* DATA UNDER STUDY *
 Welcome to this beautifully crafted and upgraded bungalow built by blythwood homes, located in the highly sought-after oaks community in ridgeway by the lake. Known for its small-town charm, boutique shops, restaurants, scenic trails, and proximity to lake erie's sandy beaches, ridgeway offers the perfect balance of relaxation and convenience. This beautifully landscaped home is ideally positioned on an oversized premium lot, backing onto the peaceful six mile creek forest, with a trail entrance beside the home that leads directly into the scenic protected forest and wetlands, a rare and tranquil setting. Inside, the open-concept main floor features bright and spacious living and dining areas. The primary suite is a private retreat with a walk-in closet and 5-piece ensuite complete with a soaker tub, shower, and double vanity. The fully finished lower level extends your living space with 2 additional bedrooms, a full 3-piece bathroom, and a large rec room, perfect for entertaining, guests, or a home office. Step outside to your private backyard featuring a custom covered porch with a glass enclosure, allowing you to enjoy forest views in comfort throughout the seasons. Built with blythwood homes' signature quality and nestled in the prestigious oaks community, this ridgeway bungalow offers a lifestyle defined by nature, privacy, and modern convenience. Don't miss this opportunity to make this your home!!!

* * *

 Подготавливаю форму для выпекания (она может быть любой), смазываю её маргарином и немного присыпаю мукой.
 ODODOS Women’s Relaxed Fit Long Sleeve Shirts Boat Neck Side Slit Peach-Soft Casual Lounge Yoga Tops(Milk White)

* YOUR INSTRUCTIONS *
Look above for the line with "Подготавливаю форму для" and the line with "ODODOS Women’s Relaxed". Retype those two lines and every line between them exactly, adding nothing.

* SOLUTION FOR THIS PROBLEM *
 Подготавливаю форму для выпекания (она может быть любой), смазываю её маргарином и немного присыпаю мукой.
 ODODOS Women’s Relaxed Fit Long Sleeve Shirts Boat Neck Side Slit Peach-Soft Casual Lounge Yoga Tops(Milk White)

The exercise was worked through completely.